Bob Dole, former senator wounded in WWII, is promoted to Army colonel
Former Sen. Bob Dole was promoted from Army captain to the honorary rank of colonel during a ceremony Thursday at the World War II Memorial in Washington, becoming the third and only living recipient of such an honor in the service’s 244-year history.
Dole, 95, enlisted in the early years of U.S. involvement of WWII and was commissioned as a second lieutenant before shipping off with the 10th Mountain Division to Italy.
There he was shot in the back by a German machine gun while he attempted to rescue an injured radioman during an assault on an enemy position.

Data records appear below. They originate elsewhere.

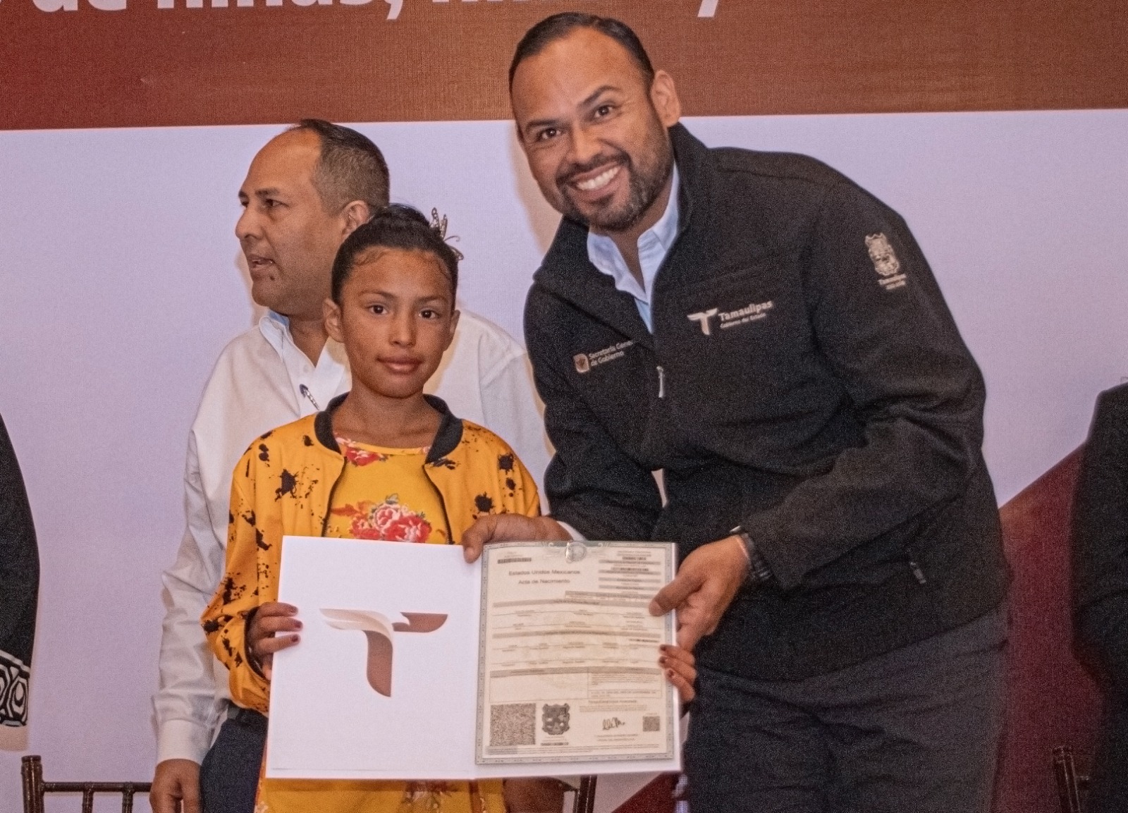 Ernestina Lozano Rodríguez, primera regidora presidente de la Comisión de Bienestar Social, Héctor León Pérez Guajardo, Hugo Cesar Zamorano Ayala, Alejandra Monzón Cazares, titulares de las Oficialías 2da, 3ra y 4ta del Registro Civil en Matamoros, respectivamente, fueron algunas de las autoridades que dieron realce a esta primera entrega de actas de nacimiento en el municipio.
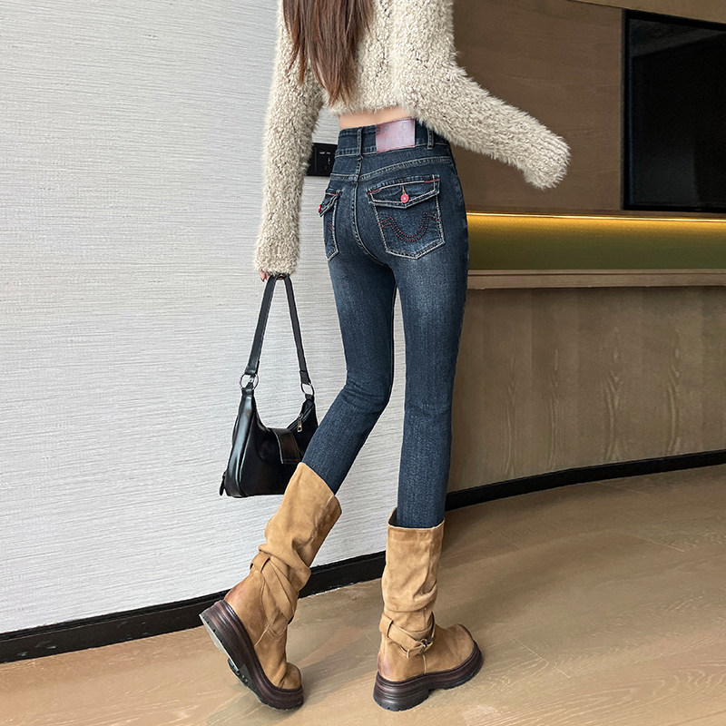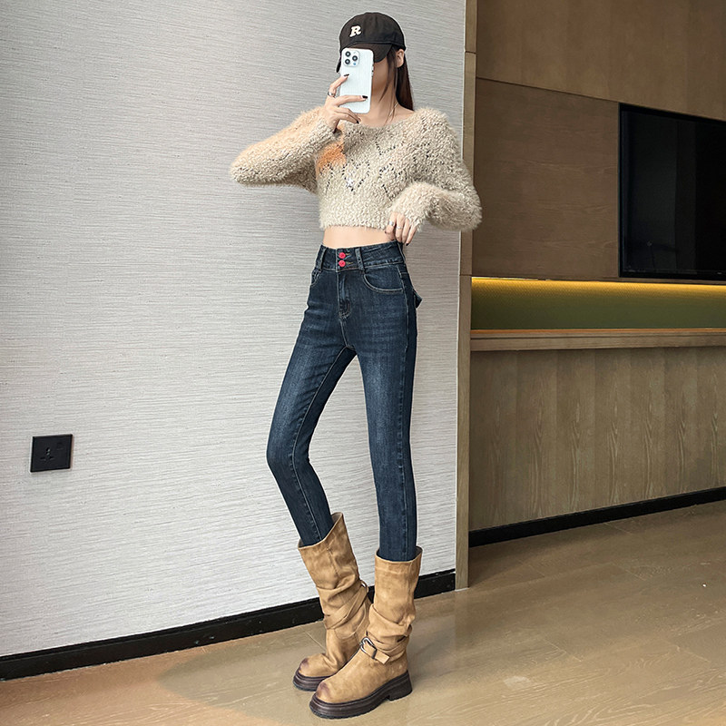 2025新款高腰紧身小脚牛仔裤女秋季收腹提臀显瘦长裤加厚修身显瘦
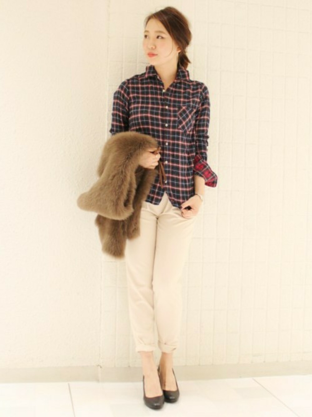 ラインがきれいで着やせ効果抜群のチェックシャツはファー小物で秋冬気分を盛り上げて☆
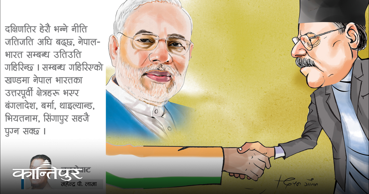 दक्षिणतिर हेरौं भन्ने नीति जतिजति अघि बढ्छ, नेपाल–भारत सम्बन्ध उतिउति गहिरिन्छ । सम्बन्ध गहिरिएको खण्डमा नेपाल भारतका उत्तरपूर्वी क्षेत्रहरू भएर बंगलादेश, बर्मा, थाइल्यान्ड, भियतनाम, सिंगापुर सहजै पुग्न सक्छ । NepalNews
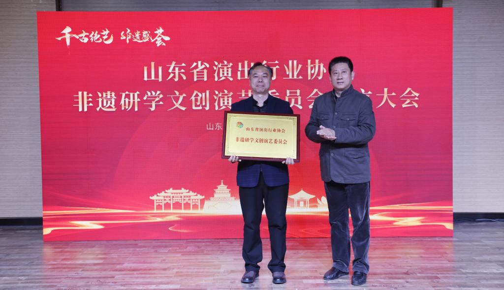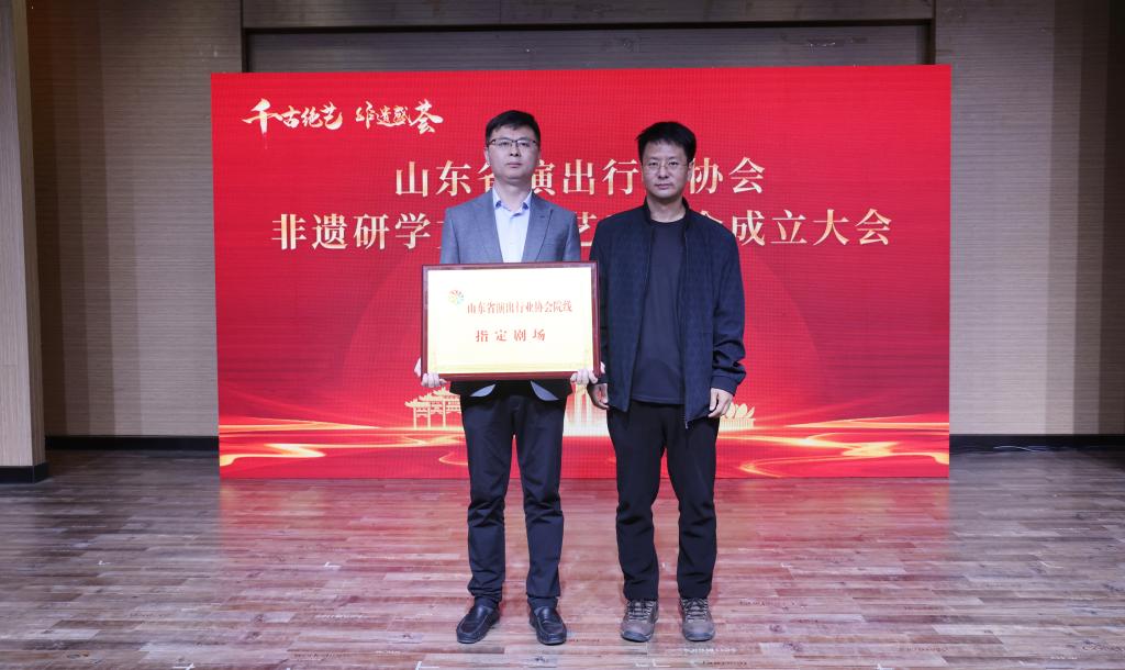 付俊海为太阳成集团tyc151cc授牌“山东省演出行业协会非遗研学文创演艺委员会”,张欣为太阳成集团tyc151cc授牌“山东省演出行业协会院线指定剧场”,太阳成集团tyc151cc将担负新的职责与使命。学院将充分发挥高校优势,加强非遗学科体系和专业建设;积极融入国家重大战略,加强黄河流域生态保护和高质量发展等国家重大战略中的非遗研学文创演艺工作;加大非遗传播普及力度,在研学、文创、演艺等方面激发山东活力,结合非遗助力乡村振兴、非遗与旅游融合发展方面出新招,展现新作为。
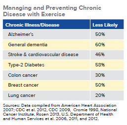 Research shows that regular exercise helps manage chronic disease like Type-2 diabetes, cancer, stroke, heart disease, osteoporosis, arthritis, and dementia. It reduces medical costs, fights depression, and prevents illness. Exercise impacts healing and recovery and can be used as a tool to extend treatment benefits and stop the revolving door to hospital readmission (CDC 2009).
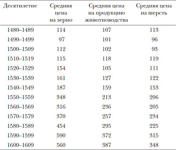 Изменение численности населения повысило спрос на сельскохозяйственные продукты, соответственно росли и цены. Этот процесс усугубили краткосрочные кризисы 1555–1559 и 1596–1598 годов (см. таблицу 2). В период после 1520–1529 годов выросли цены в целом и на зерновые в сравнении с ценами на шерсть.
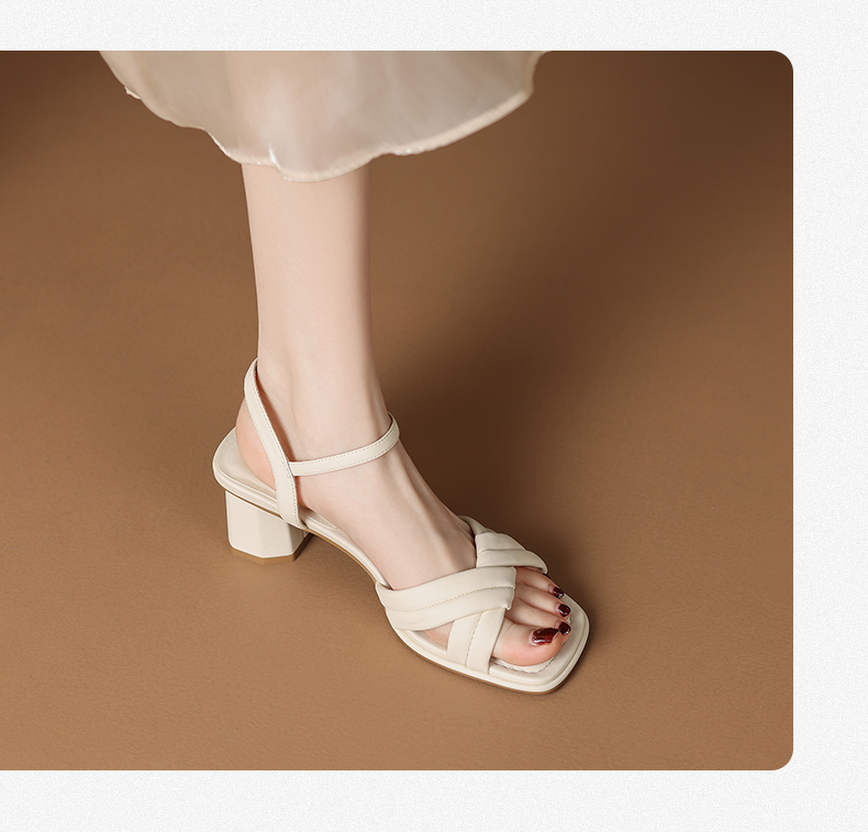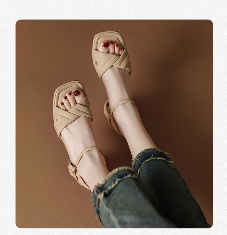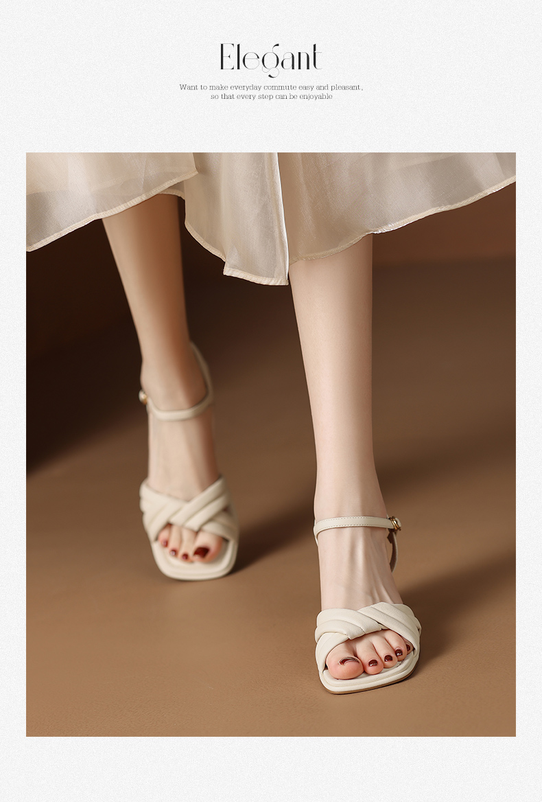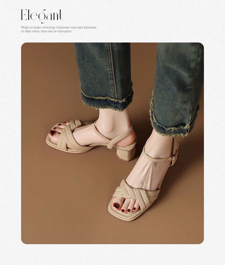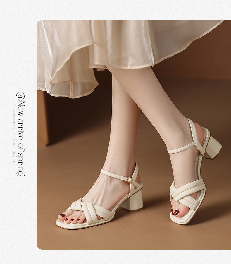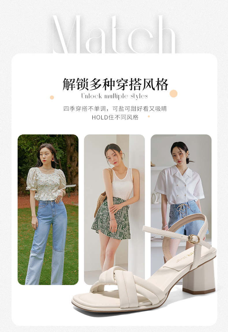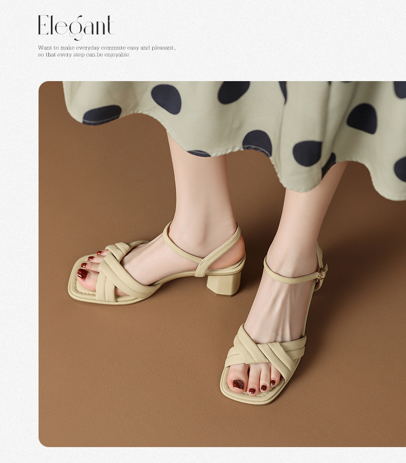 ZHR温柔复古凉鞋女2023新款时尚粗跟高跟鞋一字带单鞋ins风鞋
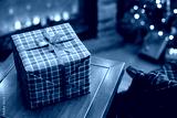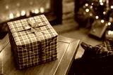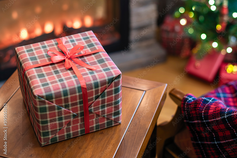 Armchair with plaid, packing gift boxes for family near christmas tree and fireplace. Top view
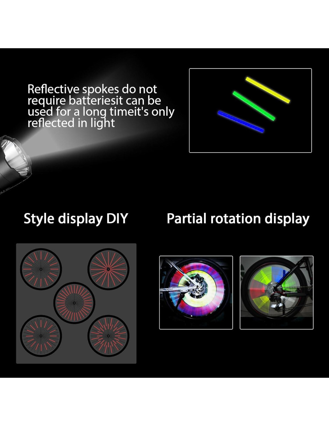 - [Fácil de Instalar] Estas pieles reflectantes para radios están diseñadas con ranuras huecas y se pueden clipar fácilmente en los radios de la bicicleta. El ajuste ceñido y el diseño elástico aseguran que estén firmemente fijados sin el uso de adhesivos.
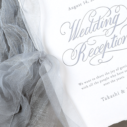 ふわふわのオーガンジーのリボン、特注のミミ付きのハンドメイドペーパーと封筒、活版で入ったイニシャルモチーフ。
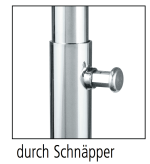 Dank des Schnäppers ist der Kleiderständer in der Höhe verstellbar. Diese Funktion ermöglicht es Ihnen, den Ständer flexibel an verschiedene Präsentationssituationen anzupassen. Ihre Kleidungsstücke werden somit immer auf der optimalen Höhe präsentiert, um die Aufmerksamkeit Ihrer Kunden zu gewinnen.
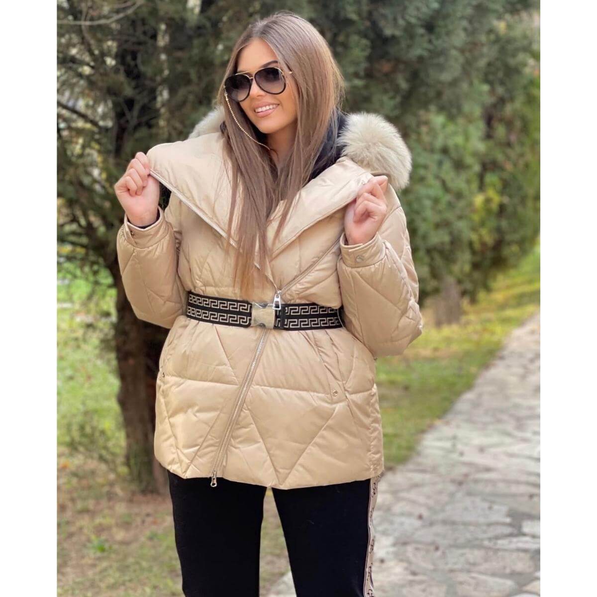 Bež zimska jakna sa prirodnim krznom i pojasom
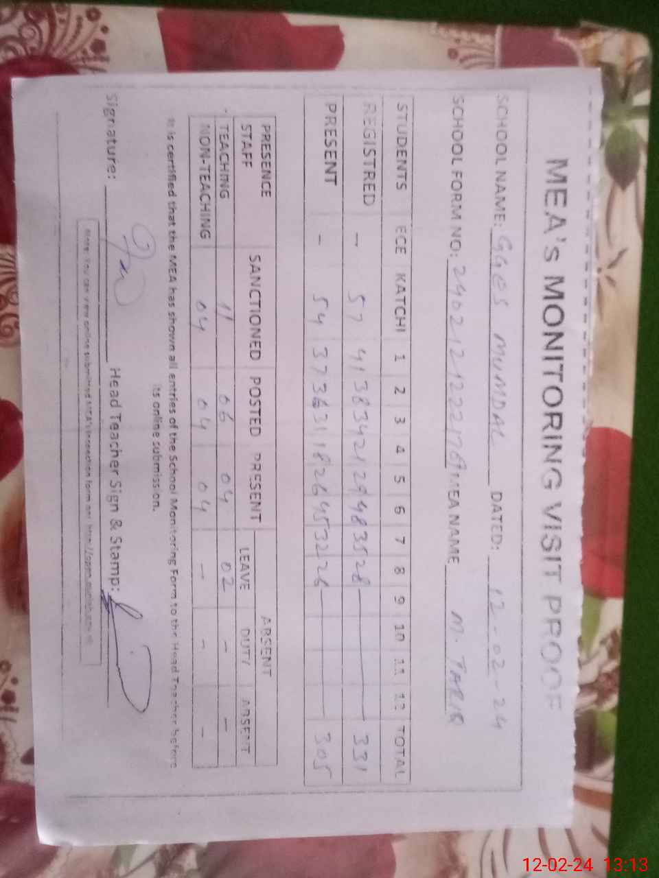 | Attendance Register | Head Teacher | MEA with School | Visit Proof |
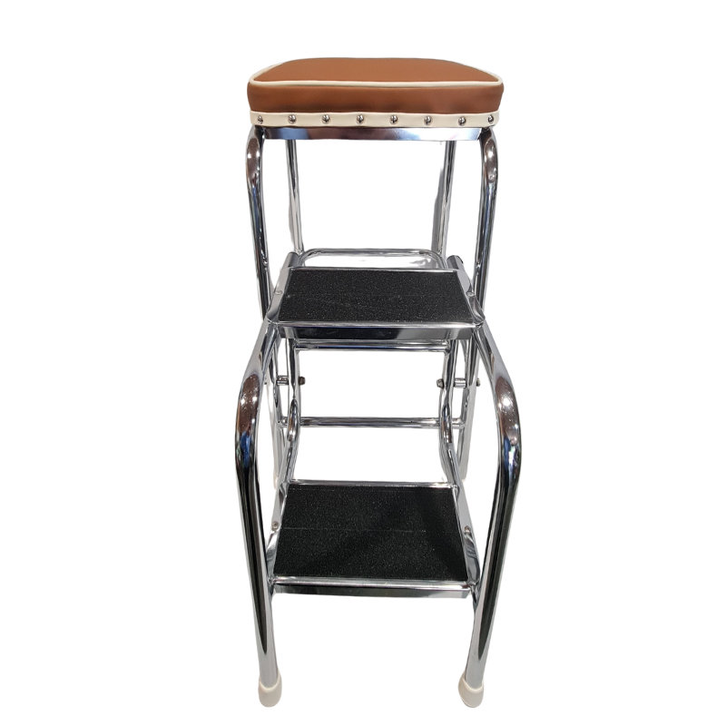 This funky stool - seat has been upcycled from 1960's. The frame has been cleaned. Upholstered in a marine grade vinyl and flower bomb by Warwicks Rubber stoppers have been replaced. The steps have had anti slip tape applied. If any surface rust showing touched up with a silver anti rust paint.
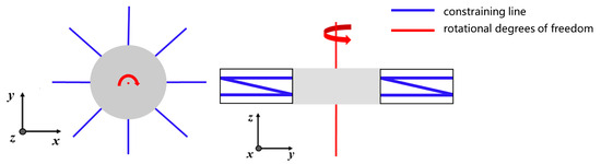 To achieve two degrees of freedom in the rotational space, we need two separate compliant rotational motion modules placed in series, each for its respective degree of freedom. The design of the rotational DOF (Domain Of Freedom) module is fundamental to the mechanism’s overall design. Similar to the design of the compliant translation module, we need to create a corresponding constraint space first as shown in Figure 5. The distribution of this constraint space is vital to ensure the mechanism’s efficiency and performance.
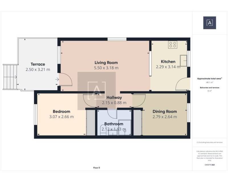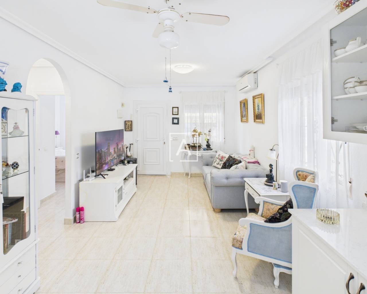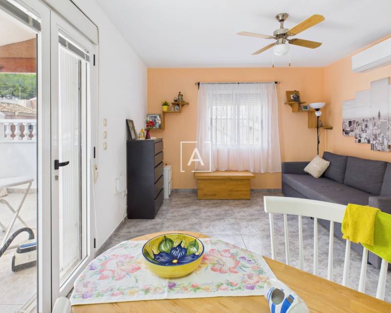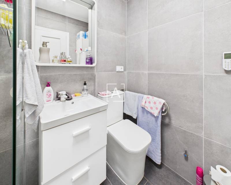 On accède à la propriété par un porche spacieux et fermé, équipé de stores, qui mène à un salon lumineux et à une cuisine américaine. Les deux chambres, accessibles depuis le salon, disposent chacune d'une armoire encastrée. La salle de bains moderne a été récemment rénovée et comprend une douche à l'italienne.
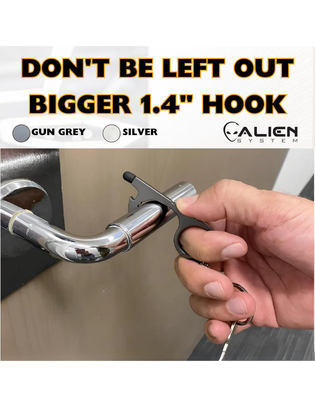 - COMPACTO PREMIUM - Muchas herramientas de llavero para abrir puertas higiénicas son voluminosas, afiladas y tienen un gancho más corto. Nuestro abridor de puertas de llavero más seguro es compacto y, sin embargo, abre manijas más grandes que el resto
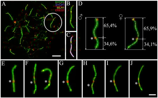 Variations of a centromere position in the submetacentric chromosome in the early meiotic prophase I of mole voles. Axial elements were identified using anti-SYCP3 antibodies (green), central element usinganti-SYCP1 (magenta), recombination nodules usinganti-MLH1 (yellow), and anti-CREST for kinetochores (red). The asterisk shows the location of the centromeric signal of the submetacentric homolog (33–35% of the telomere end). The red signal without asterisk marked erratic centromere positions in the submetacentric. (A) spermatocytes from interspecific hybrids F1 of Ellobius talpinus (2n = 54) × Ellobius tancrei (2n = 34). Bar = 5 µm. A submetacentric is in the circle (inset (B–C)); (D) heteromorphic bivalent in females and males of the interspecific hybrid of mole voles. One centromeric signal originated from the acrocentric homologue of E. talpinus, the other from the submetacentric homologue of E. tancrei. A submetacentric chromosome from karyotypes of E. tancrei 2n = 54, male (E); E. tancrei 2n = 34, female (F); E. tancrei, intraspecific hybrid 2n = 50, male (G) and female (H); E. tancrei, intraspecific hybrid, 2n = 49, male (I) and female (J). Bar (E–J) = 2 µm.
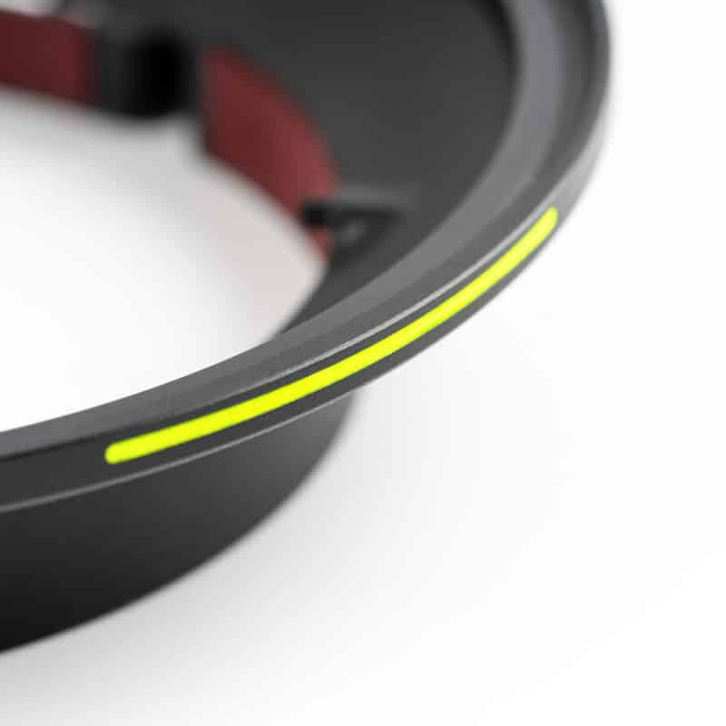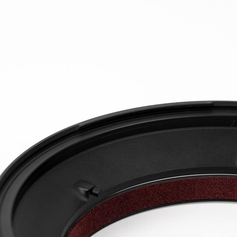 L’intérieur doublé d’Alcantara® protège la finition du fût de l’objectif tout en assurant un maintien ferme.
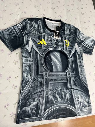 Camiseta de entrenamiento Adidas Juventus para la temporada 2025/2026, con un diseño inspirado en el arte clásico. - Diseño artístico detallado. - Logo de Adidas y escudo de Juventus. - Cuello redondo y mangas cortas. Tengo tambien la talla S

He spent years recovering in a military hospital, Army Chief of Staff Gen. Mark A. Milley said during the ceremony attended by family members, military officials and dignitaries, as well veterans visiting the memorial as part of an Honor Flight.
Dole last wore the Army uniform in 1948 but continued to serve out of uniform for the next seven decades, Milley said. Dole, a recipient of two Purple Hearts who was twice awarded the Bronze Star Medal with Valor, never regained full use of his right arm.
The native Kansan served the state for more than three decades in the House and Senate and unsuccessfully challenged President Bill Clinton for the presidency in 1996 as the Republican nominee. He later headed the campaign that raised nearly $200 million to build the WWII memorial, where Milley said he often spends time greeting fellow war veterans.
“Bob Dole raised his right hand in 1942 and swore an oath to the Constitution,” Milley said. “He again raised his right hand on 14 April 1945 to rally his soldiers and lead the attack ... and because of his injuries he received that day, Lt. Dole lost the ability to raise that very right hand that he swore the oath with. But a man like Bob Dole will never be put down.”
In December, Dole was seen rising from his wheelchair and rendering a left-handed salute to the late President George H.W. Bush, who was lying in state in the Capitol rotunda. Images of the final salute by one WWII veteran to the last president to have served in that war spread widely.
Only two other Army officers have ever received an honorary promotion of any kind, Milley said. They are President George Washington, who was made honorary General of the Armies of the United States on the country’s bicentennial in 1976; and American explorer and governor William Clark, who was posthumously promoted from lieutenant to colonel in 2001 by Clinton. Clark joined Meriwether Lewis on an expedition to the Pacific Ocean in the early 1800s,
In early April, President Donald Trump authorized Dole’s honorary promotion, which had been pushed through the House and Senate by lawmakers from Dole’s home state. The Kansas House and Senate delegation were present at the ceremony, along with Secretary of State Mike Pompeo, a former Kansas congressman and Army officer.
Milley, along with Sergeant Major of the Army Dan Dailey — dressed in the new Army uniform resembling the WWII-era “pinks and greens” — presented Dole with a framed promotion warrant and a copy of the signed bill. Shortly beforehand, Milley asked the former senator if he was ready to be promoted.
“I’m ready,” Dole said, while seated in his wheelchair in front of U.S. and Army flags.
The honorary promotion will have no effect on his military benefits. Milley told him it would take another act of Congress to get him a pay raise.
“Okay,” Dole said. “I’ve got some members here.”
Later, Dole tweeted that he became a “full bird colonel,” thanking the Army for the honor.
“God bless our men and women in uniform,” he wrote.